### RECORDS SUPPLIED
──────

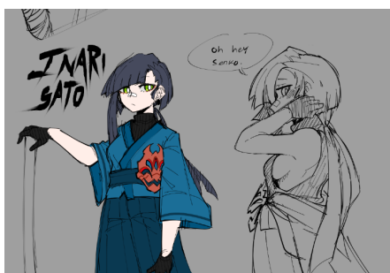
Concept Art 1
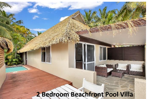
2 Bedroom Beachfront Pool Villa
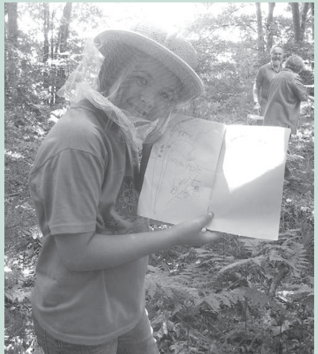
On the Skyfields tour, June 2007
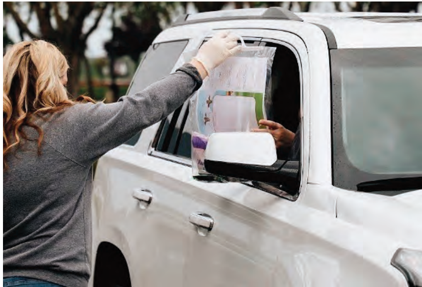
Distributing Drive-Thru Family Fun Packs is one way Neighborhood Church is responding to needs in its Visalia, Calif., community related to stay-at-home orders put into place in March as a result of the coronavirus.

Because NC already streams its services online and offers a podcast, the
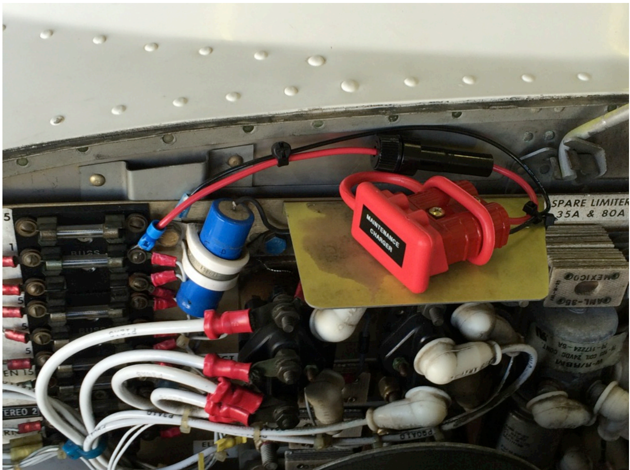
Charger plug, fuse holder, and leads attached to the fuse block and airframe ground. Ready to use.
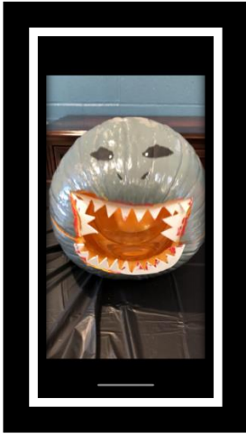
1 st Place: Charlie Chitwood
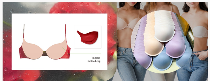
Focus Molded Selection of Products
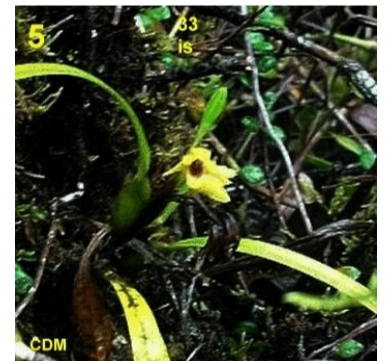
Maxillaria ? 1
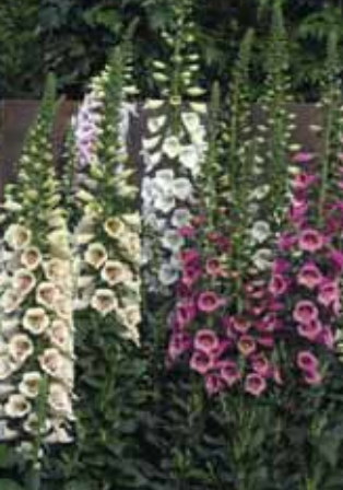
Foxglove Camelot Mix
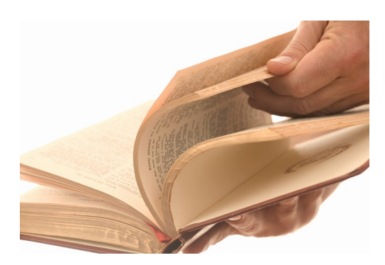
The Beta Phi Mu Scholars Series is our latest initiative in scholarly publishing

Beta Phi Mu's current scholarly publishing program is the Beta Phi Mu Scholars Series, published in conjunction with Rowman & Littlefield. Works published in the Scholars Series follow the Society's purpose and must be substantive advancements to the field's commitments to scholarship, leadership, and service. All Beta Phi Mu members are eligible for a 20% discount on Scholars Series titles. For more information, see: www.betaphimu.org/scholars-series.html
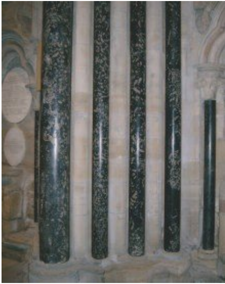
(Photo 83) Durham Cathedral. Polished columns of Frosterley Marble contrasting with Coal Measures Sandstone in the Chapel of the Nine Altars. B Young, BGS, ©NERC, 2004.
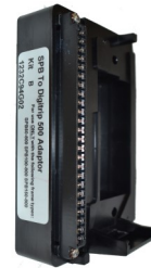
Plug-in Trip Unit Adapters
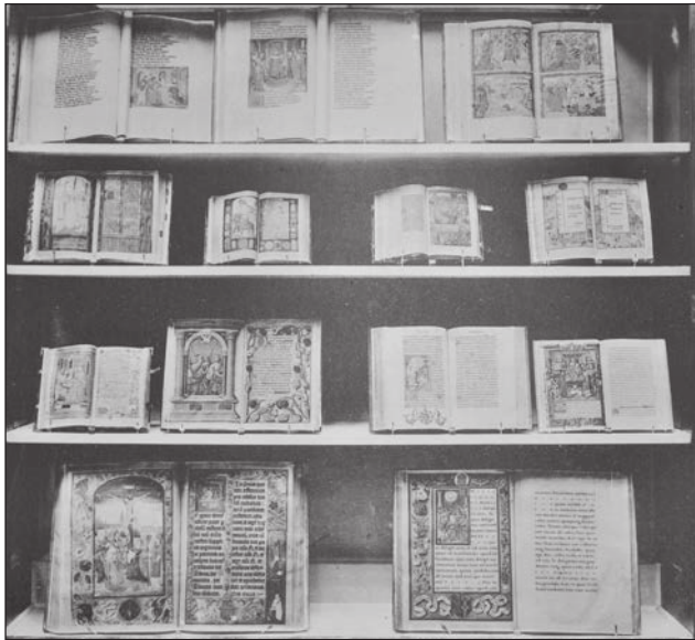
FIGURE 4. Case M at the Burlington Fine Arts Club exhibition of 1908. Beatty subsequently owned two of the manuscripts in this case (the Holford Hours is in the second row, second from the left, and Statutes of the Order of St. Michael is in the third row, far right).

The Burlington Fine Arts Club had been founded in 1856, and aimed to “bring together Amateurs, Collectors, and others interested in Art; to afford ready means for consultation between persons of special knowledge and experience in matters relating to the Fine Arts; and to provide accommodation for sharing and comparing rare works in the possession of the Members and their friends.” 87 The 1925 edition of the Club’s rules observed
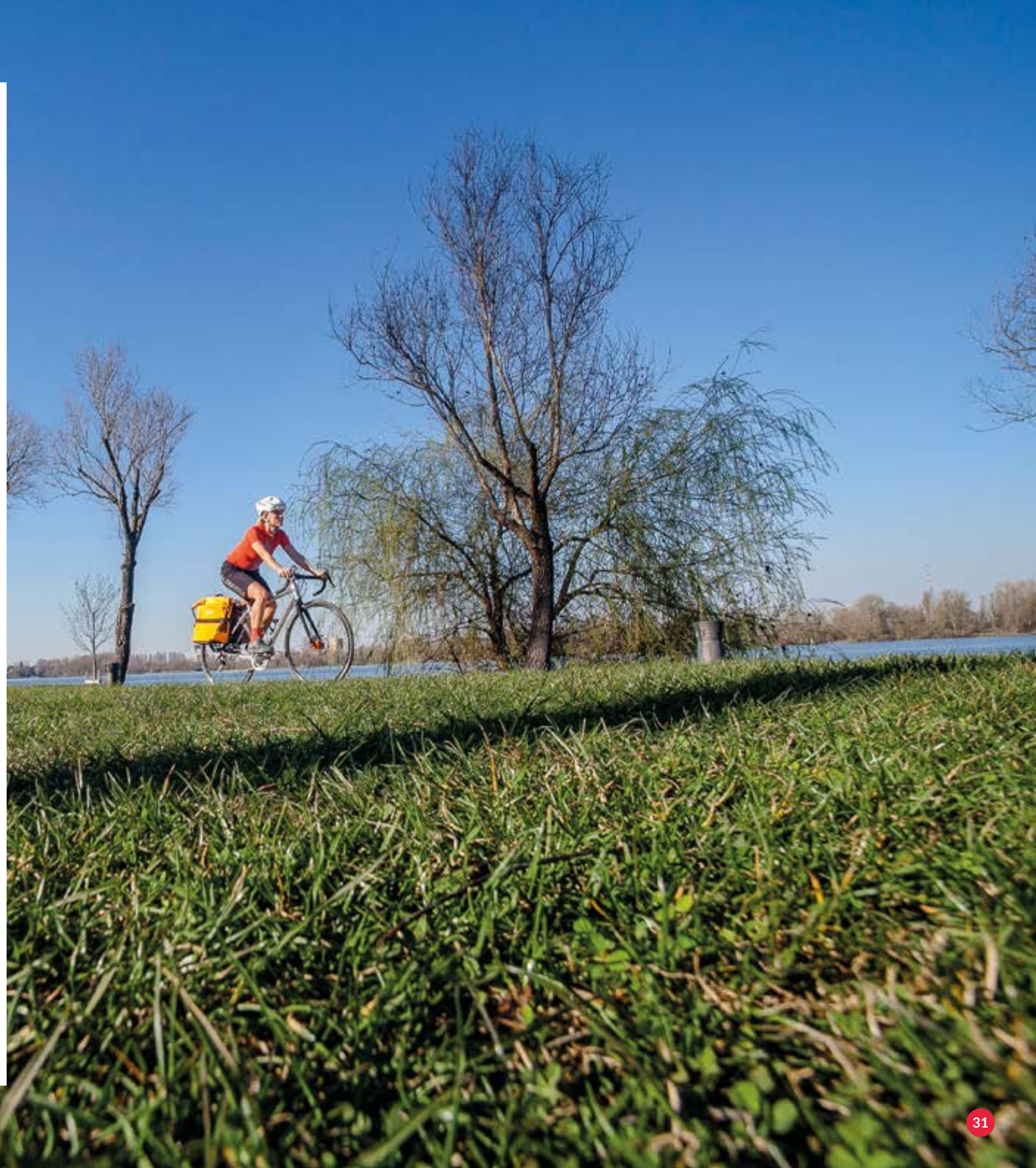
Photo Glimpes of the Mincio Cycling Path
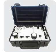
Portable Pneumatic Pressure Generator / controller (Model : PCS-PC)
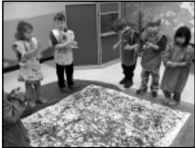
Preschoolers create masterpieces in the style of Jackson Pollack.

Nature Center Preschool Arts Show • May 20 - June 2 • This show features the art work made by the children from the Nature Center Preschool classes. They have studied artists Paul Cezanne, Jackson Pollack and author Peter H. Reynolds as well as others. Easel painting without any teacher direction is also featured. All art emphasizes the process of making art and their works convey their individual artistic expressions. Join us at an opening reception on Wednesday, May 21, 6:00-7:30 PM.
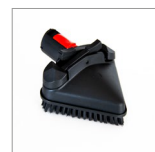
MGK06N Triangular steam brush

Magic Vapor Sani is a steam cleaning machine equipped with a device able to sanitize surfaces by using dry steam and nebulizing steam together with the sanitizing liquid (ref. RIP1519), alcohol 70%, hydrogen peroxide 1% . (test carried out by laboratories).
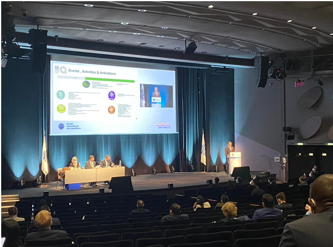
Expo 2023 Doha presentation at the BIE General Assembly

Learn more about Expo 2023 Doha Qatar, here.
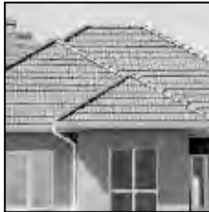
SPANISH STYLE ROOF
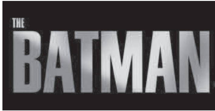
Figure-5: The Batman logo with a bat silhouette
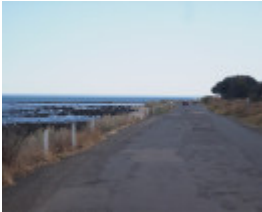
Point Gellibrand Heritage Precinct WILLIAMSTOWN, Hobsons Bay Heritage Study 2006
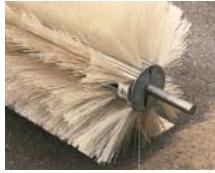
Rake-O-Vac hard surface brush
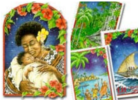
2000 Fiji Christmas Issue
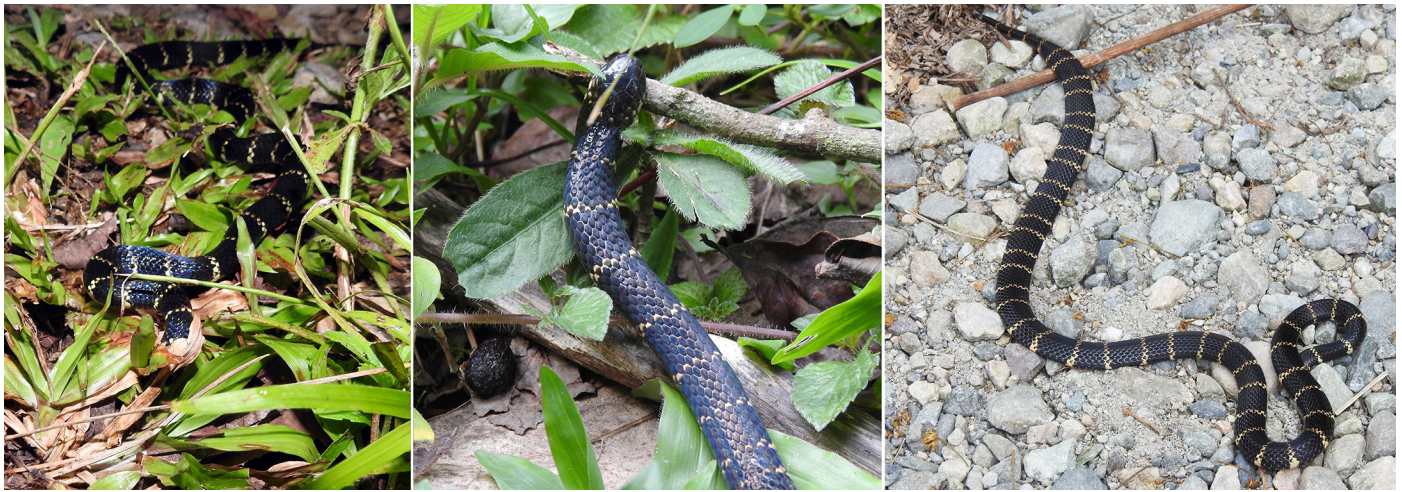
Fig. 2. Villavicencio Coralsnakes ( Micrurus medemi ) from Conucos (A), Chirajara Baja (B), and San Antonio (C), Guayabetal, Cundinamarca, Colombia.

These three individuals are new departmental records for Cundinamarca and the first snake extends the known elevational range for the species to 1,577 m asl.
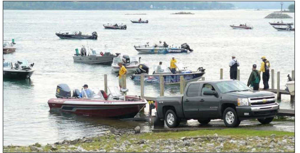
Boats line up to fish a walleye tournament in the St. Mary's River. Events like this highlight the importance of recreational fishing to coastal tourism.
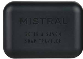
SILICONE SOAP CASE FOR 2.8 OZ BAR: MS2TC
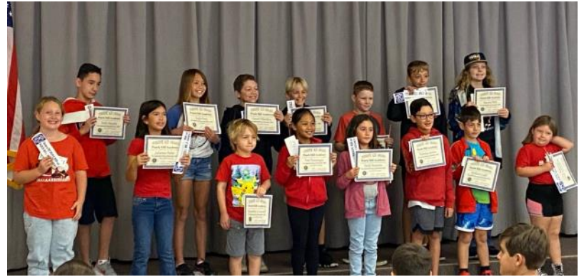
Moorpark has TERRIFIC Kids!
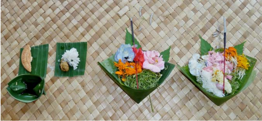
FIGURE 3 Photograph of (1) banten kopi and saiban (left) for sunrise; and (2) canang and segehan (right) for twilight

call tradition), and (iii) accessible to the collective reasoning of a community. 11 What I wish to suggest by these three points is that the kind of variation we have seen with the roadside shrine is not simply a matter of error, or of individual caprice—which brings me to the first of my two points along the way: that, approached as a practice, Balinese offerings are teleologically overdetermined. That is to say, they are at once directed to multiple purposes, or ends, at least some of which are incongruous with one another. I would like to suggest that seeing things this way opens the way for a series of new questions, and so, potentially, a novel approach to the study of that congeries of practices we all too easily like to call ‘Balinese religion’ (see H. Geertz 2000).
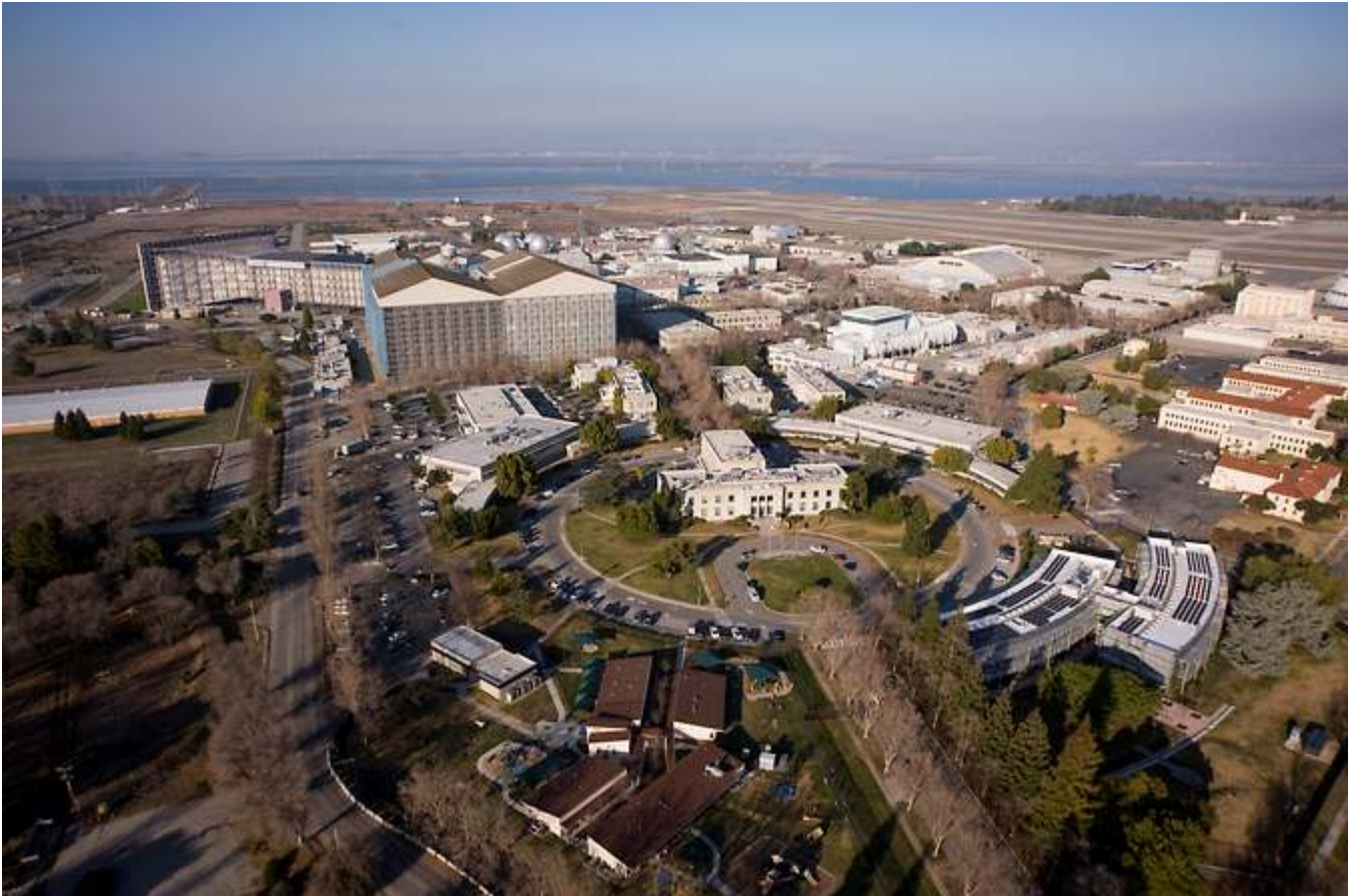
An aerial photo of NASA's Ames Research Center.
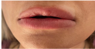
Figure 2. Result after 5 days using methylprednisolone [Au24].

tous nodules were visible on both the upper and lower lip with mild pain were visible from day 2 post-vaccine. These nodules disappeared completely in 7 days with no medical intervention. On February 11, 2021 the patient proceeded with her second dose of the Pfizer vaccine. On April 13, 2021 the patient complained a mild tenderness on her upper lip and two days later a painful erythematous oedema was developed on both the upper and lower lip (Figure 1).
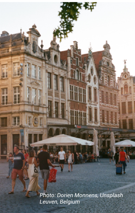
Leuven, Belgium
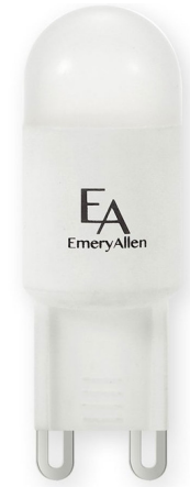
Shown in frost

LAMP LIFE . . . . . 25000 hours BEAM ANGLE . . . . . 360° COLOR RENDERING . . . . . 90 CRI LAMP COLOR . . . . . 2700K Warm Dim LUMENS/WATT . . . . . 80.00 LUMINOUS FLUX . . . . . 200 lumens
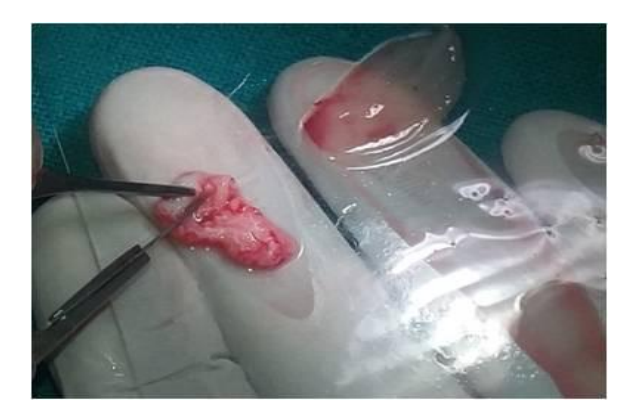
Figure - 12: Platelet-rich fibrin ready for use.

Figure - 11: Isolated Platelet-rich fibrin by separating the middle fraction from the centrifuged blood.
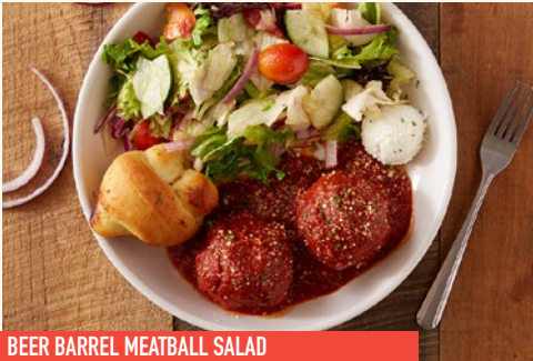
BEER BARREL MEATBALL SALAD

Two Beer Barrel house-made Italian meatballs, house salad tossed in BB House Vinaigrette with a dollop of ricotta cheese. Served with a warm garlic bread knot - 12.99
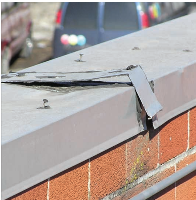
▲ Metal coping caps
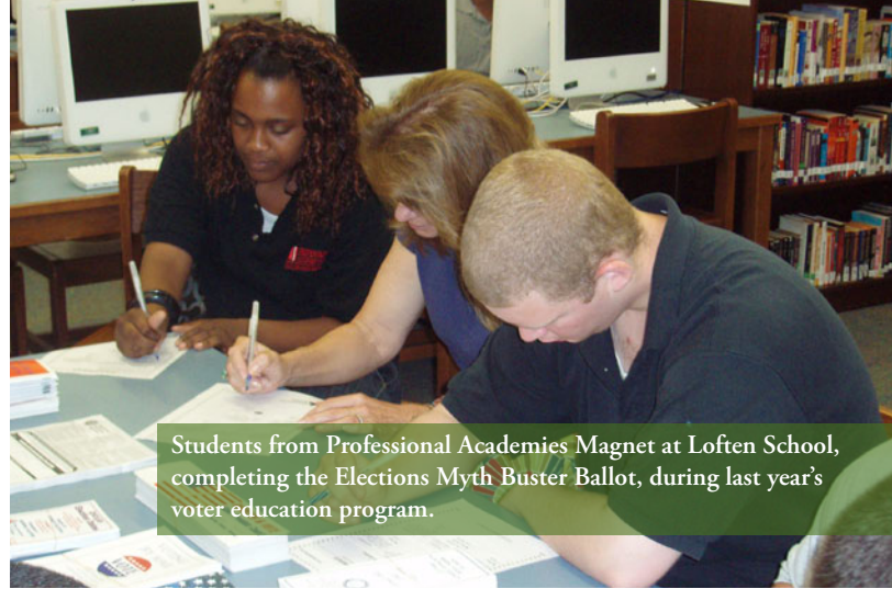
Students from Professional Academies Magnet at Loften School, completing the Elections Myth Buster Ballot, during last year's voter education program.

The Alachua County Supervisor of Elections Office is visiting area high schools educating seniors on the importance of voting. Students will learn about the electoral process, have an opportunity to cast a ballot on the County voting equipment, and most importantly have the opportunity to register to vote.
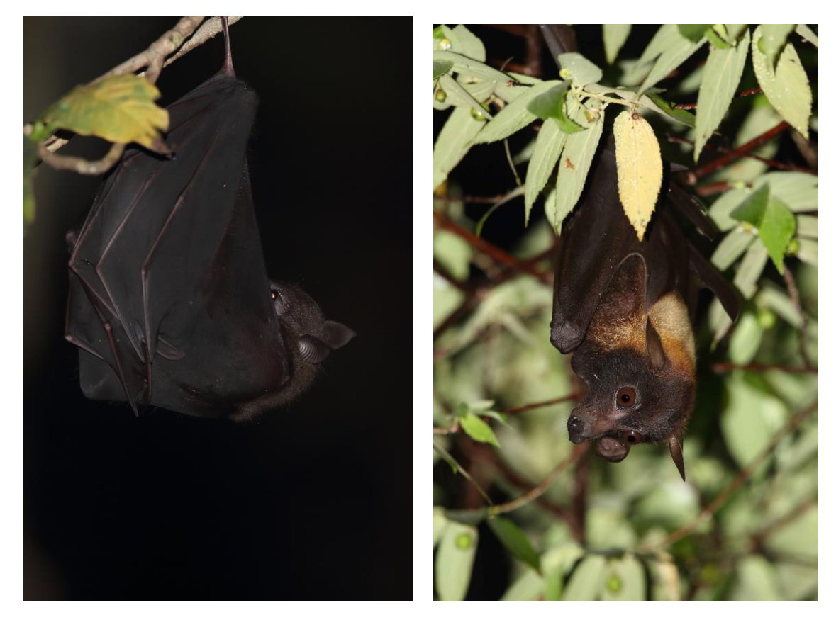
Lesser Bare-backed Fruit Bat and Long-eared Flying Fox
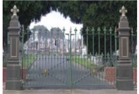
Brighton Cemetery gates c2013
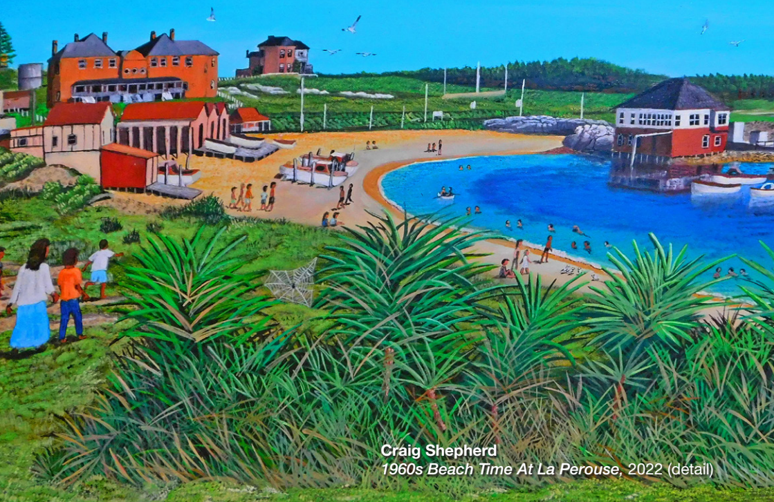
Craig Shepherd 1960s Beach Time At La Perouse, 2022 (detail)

──────

### PROBLEM DESCRIPTION
Everything from the line above that contains "BEER BARREL MEATBALL SALAD" down to the line that contains "Metal coping caps" must be reproduced exactly, both ends included. Omit the pictures.

### PROBLEM SOLUTION
BEER BARREL MEATBALL SALAD

Two Beer Barrel house-made Italian meatballs, house salad tossed in BB House Vinaigrette with a dollop of ricotta cheese. Served with a warm garlic bread knot - 12.99
▲ Metal coping caps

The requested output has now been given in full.